Given data |
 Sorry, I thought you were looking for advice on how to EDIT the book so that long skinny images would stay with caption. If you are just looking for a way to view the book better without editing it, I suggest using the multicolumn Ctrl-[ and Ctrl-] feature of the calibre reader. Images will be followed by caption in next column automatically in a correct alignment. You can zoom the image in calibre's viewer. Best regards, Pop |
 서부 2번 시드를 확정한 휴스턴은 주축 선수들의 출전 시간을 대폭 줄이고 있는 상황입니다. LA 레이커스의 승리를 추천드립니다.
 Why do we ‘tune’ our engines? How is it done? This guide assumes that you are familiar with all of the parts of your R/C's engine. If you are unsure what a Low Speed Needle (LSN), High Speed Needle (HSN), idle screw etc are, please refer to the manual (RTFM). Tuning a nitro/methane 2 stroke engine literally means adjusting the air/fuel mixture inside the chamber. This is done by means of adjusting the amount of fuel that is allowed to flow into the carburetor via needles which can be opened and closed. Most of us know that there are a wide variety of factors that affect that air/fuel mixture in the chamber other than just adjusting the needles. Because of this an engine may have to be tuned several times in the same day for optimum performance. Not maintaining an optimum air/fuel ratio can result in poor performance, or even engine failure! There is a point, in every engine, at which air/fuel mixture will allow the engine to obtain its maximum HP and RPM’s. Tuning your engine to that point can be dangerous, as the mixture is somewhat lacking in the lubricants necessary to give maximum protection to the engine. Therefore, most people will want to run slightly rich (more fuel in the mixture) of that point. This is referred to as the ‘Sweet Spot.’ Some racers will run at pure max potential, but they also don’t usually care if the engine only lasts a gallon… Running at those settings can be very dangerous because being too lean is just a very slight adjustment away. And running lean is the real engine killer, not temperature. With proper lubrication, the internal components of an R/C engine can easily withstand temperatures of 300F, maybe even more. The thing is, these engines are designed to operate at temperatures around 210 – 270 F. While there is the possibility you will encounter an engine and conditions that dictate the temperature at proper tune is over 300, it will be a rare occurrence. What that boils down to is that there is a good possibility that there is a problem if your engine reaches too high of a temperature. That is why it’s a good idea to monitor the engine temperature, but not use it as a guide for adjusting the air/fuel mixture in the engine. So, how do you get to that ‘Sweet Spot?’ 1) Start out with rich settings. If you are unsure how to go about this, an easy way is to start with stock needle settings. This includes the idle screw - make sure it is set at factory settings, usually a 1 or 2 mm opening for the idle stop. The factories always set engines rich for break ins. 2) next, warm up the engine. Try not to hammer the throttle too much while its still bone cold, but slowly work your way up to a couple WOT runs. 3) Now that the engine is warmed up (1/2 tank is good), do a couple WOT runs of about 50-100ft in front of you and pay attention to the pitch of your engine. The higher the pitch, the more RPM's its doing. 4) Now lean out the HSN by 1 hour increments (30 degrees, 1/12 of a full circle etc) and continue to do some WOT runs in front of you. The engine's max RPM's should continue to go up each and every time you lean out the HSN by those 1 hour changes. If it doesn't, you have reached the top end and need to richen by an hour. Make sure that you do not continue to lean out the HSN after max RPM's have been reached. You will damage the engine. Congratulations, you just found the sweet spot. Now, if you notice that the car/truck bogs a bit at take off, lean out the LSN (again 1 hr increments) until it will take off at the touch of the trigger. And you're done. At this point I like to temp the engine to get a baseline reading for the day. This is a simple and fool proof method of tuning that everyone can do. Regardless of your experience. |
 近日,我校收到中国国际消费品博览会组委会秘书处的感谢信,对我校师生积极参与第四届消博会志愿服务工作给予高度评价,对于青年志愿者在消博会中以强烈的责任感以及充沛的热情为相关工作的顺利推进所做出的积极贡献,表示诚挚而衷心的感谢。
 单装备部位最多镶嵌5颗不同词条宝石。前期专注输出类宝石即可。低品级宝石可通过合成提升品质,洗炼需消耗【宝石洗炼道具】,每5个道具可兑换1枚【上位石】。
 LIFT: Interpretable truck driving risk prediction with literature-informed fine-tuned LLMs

---

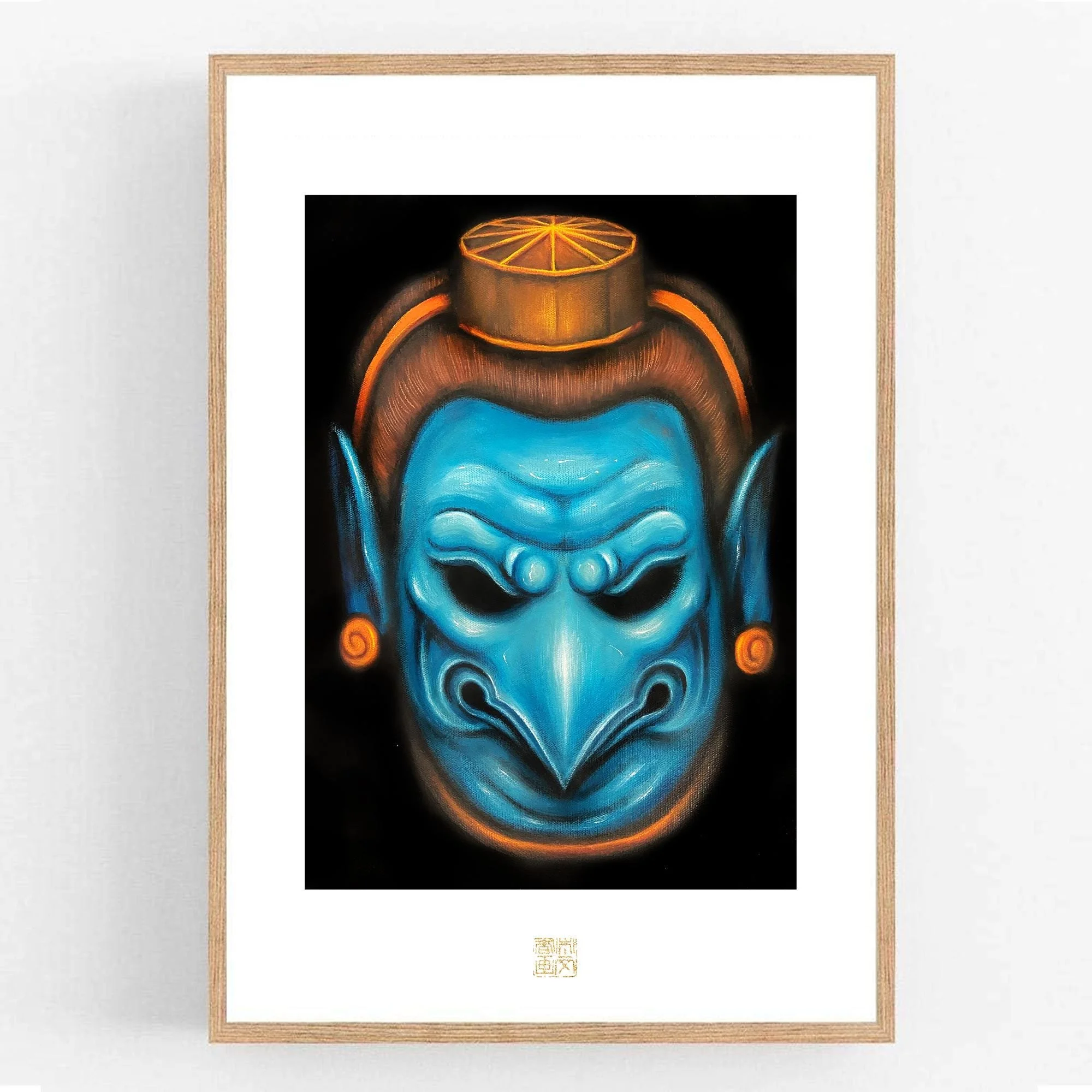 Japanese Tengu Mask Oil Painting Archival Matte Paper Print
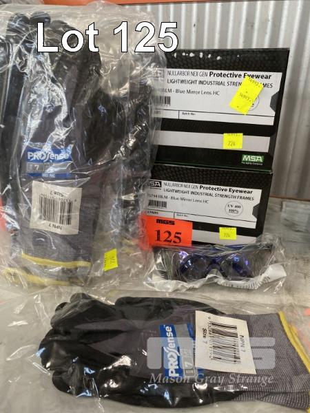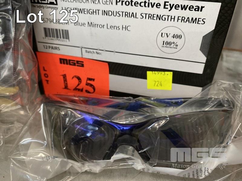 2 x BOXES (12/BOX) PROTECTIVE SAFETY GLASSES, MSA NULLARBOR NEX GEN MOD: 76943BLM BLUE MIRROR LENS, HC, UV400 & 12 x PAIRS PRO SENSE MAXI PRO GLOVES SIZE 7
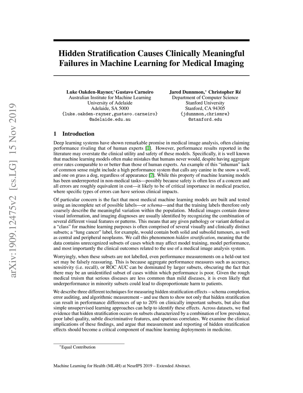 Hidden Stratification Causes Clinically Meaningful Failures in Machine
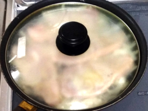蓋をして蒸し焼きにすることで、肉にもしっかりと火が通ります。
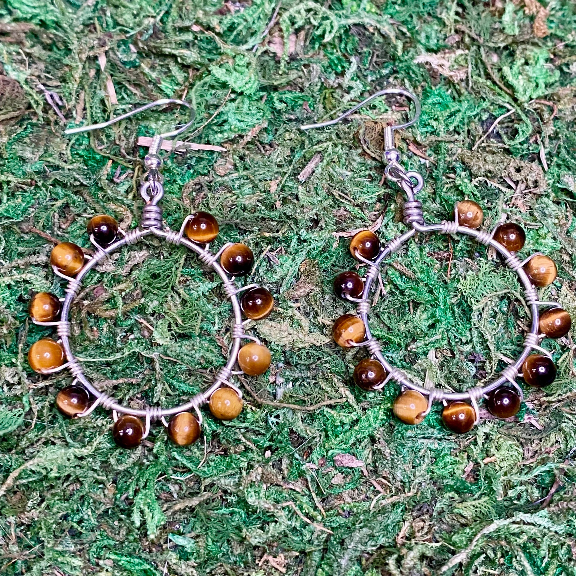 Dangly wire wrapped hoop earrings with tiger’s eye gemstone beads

==

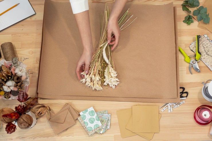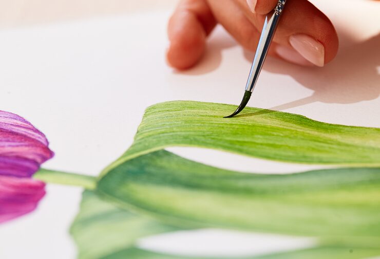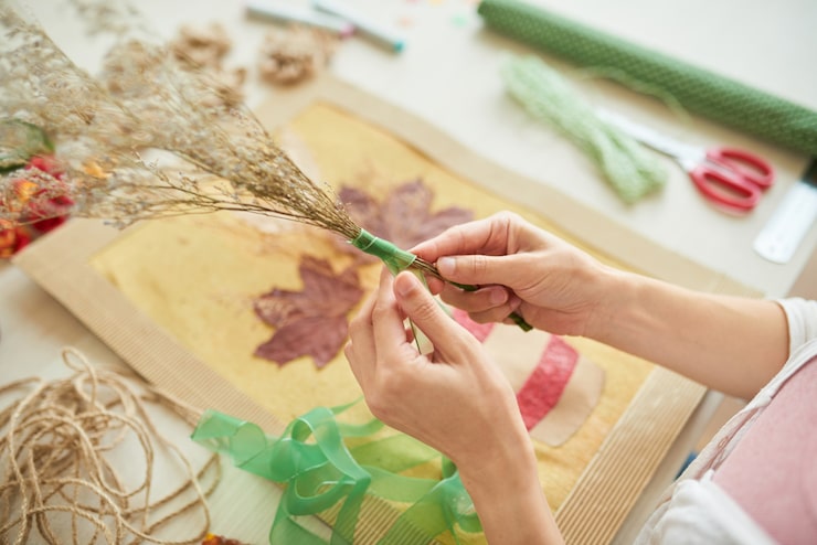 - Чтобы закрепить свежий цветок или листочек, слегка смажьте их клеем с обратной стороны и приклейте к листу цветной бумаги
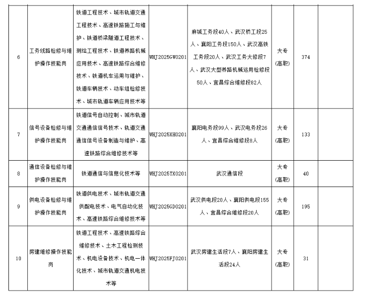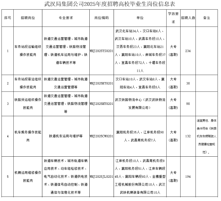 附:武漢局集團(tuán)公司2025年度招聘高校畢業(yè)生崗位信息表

Exercise objective |
Reproduce the entries exactly, from the line with "蓋をして蒸し焼きにすることで、肉にもしっかりと火が通ります。" to the line with "Dangly wire wrapped", both lines included, keeping no pictures.

Solution |
蓋をして蒸し焼きにすることで、肉にもしっかりと火が通ります。
 Dangly wire wrapped hoop earrings with tiger’s eye gemstone beads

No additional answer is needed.